Commentary by Chris Clegg
South Peace News

Despite what the Good Book orders, I do enjoy a good wager. I’m not like some, who will bet on anything, but it’s good fun to wager with a friend.

One of my friends, Chris Hunt, likes a good time. I’m sure he hasn’t met a wager he didn’t like. We bet a little CFL and NFL amongst ourselves; most of the time it’s fairly even.

Does anyone remember the Fred Flintstone episode where Fred gets hooked on gambling?

“Bet, bet, bet, bet, bet, bet bet bet bet bet bet bet!” he screams at the thought of a wager.

My friend Hunt is a lot like that – just kidding! – so I tried to hoodwink him one day.

“Tell you what,” I said. “Let’s bet the High Prairie Regals open the regular season at home.”

After consideration, Hunt became somewhat inquisitive.

“Aren’t you on the league executive?” he asked.

“No!” I adamantly said.

And it was the truth.

“But you’re involved with the league and you have input,” he countered.

“Well, maybe a bit,” I admitted.

Finally, Hunt asked who drew the schedule.

“Well, I do,” I sheepishly admitted.

So much for a few easy bucks!

The story reminded me of a couple famous wagers in history. The Earl of Barrymore was a very fit 21-year-old man in 18th century England. He always bragged he was the fastest man in town.

However, it came to be that a very fat butcher, Mr. Bullock, challenged him to a 100-yard race. Knowing he couldn’t win at equal distance, the butcher insisted on a 35-yard head start.

The foolish Earl Barrymore accepted and Mr. Bullock played his trump card. The race was to be held down Black Lion Lane.

If you’ve never been to Britain, Black Lion Lane is one of the narrowest streets in Britain. Parts of the street were barely 40 inches wide. Once the race began, Earl Barrymore quickly caught the portly butcher but there was no room to pass.

Mr. Bullock collected the winnings.

Skullduggery is not limited to men. Throughout history, women have also conned men into winning the odd wager.

When Cleopatra was 30, she wagered her new lover, Mark Anthony, that she could drink $500,000 worth of wine at a single sitting. Anthony quickly accepted the wager and they sat down to settle the score.

Cleopatra quickly pulled two pearls worth 10 million sestertia into her glass of wine, then drank.

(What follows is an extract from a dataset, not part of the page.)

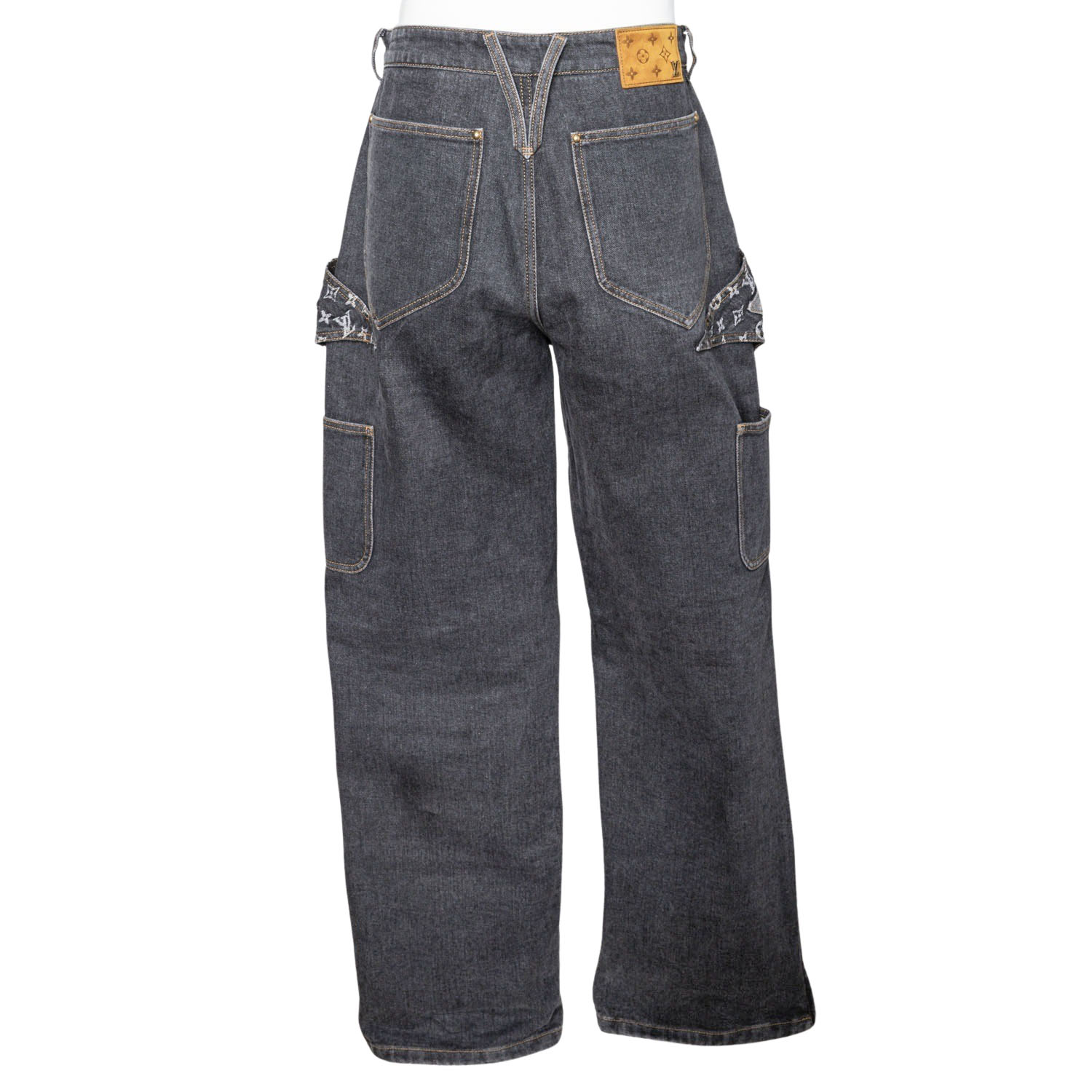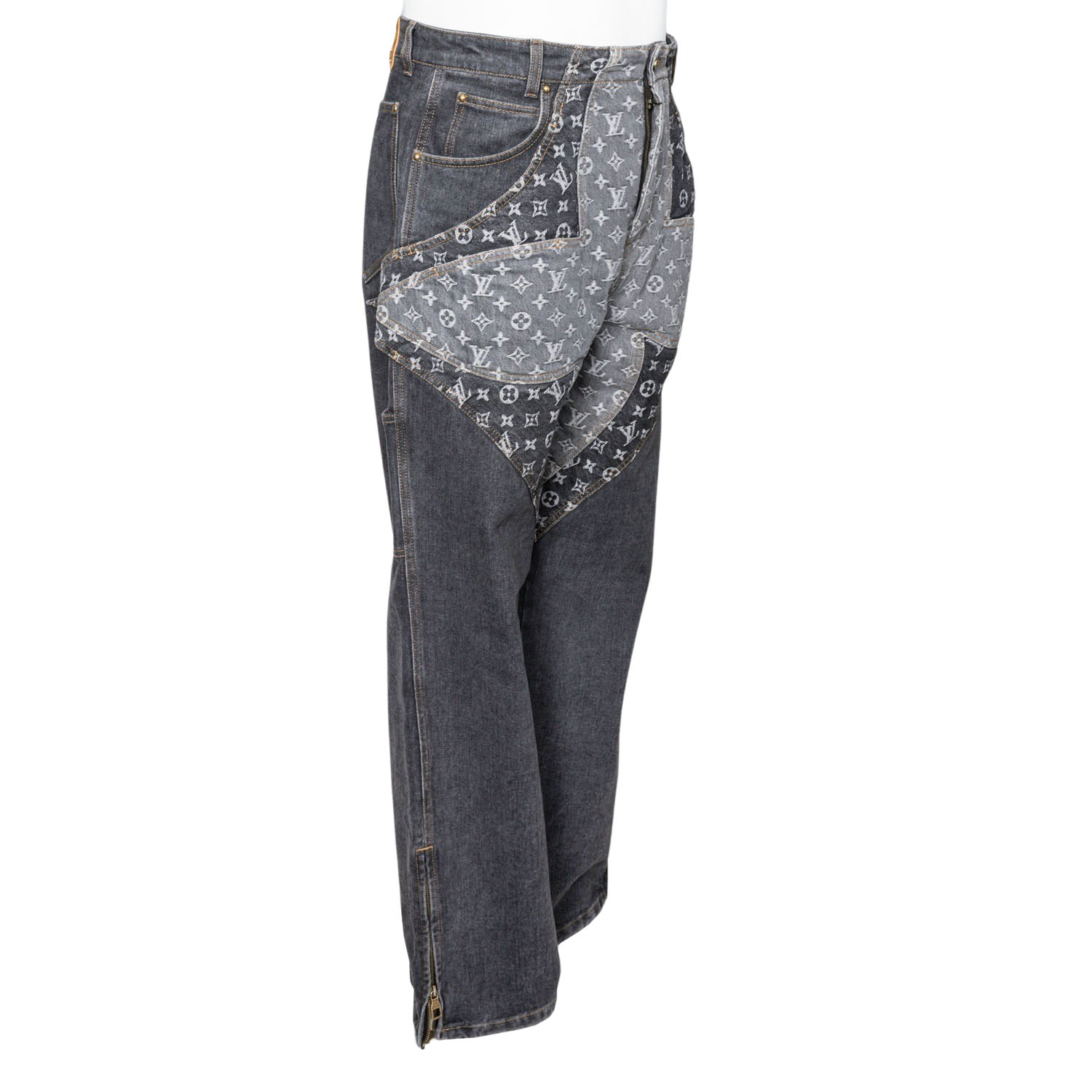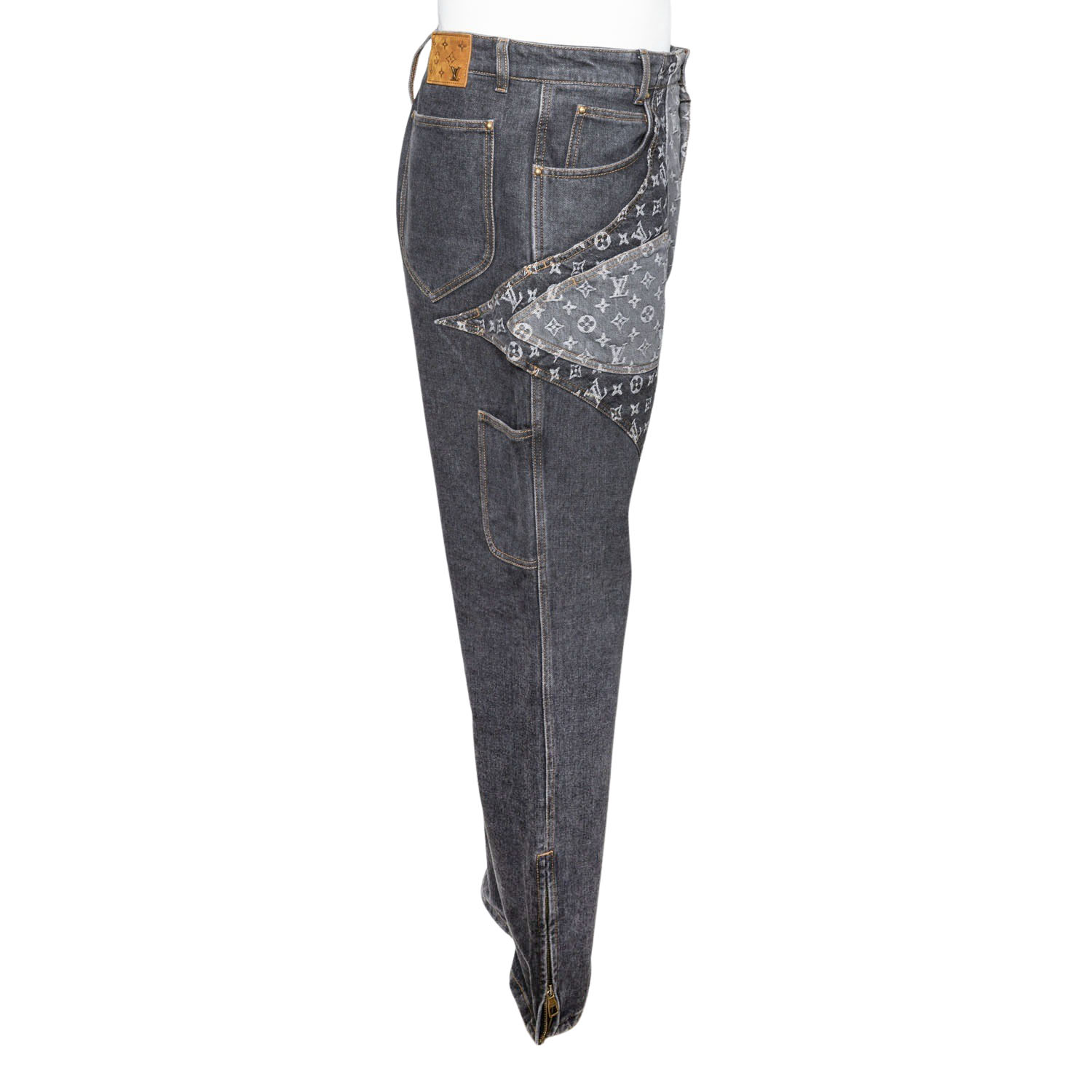 Graue Jeans mit großem Monogram Patch im Blütendesign. Seitliche Eingrifftaschen, Saum mit Reißverschlusss, Rückseite mit Leder-Patch am Bund mit Monogram. Sehr guter Erhalt.
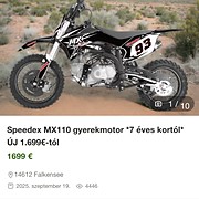 Eladó Speedex MX110 Új állapotú Gyerek Cross motor.Teljesen új,szinte csak kipróbálva volt,amit a gyári beépített üzemóra mérő is igazol.Szinte verseny motor minőség,felső kategóriába tartozik.Nem összekeverendő az olcsó társaival,így ha azzal a minőséggel nem szeretnél bajlódni,ez kiváló választás lesz.Ez úgy működik mint egy műszer,nagy motorokat megszégyenítő fékek és állíható futómű van alatta,itt a lengéscsillapítók valóban dolgoznak.110ccm-es motor hajtja,ami röpsúlyos”automata váltós”.Így igazán könnyű kezelni.Önindítós,így egy gombnyomásra indul.6-7 éves kortól ajánlom.12”-14” kerekek.Az egész motor állapota makulátlan,valóban mint ha új lenne.Alkalmi áron fix 400e ft-ért vihető.

A stunned Anthony was defeated, not to mention outsmarted by his lover.

No word if the pearls were recovered, but I’m sure they were!

History is riddled with wagers where one tries to get the upper hand on the other. People who do this quickly gain a reputation as sneaky and underhanded.

I’m sure the Earl of Barrymore wanted nothing to do with the portly butcher. Or at least, he’d be a little smarter next time and not so smug.

And I’m sure Anthony and Cleopatra made up – at least history suggests there was no parting of the ways from her brilliance.

As for Hunt and I, there are no longer any NPHL bets. My feeble attempt at making a few bucks was made in vain.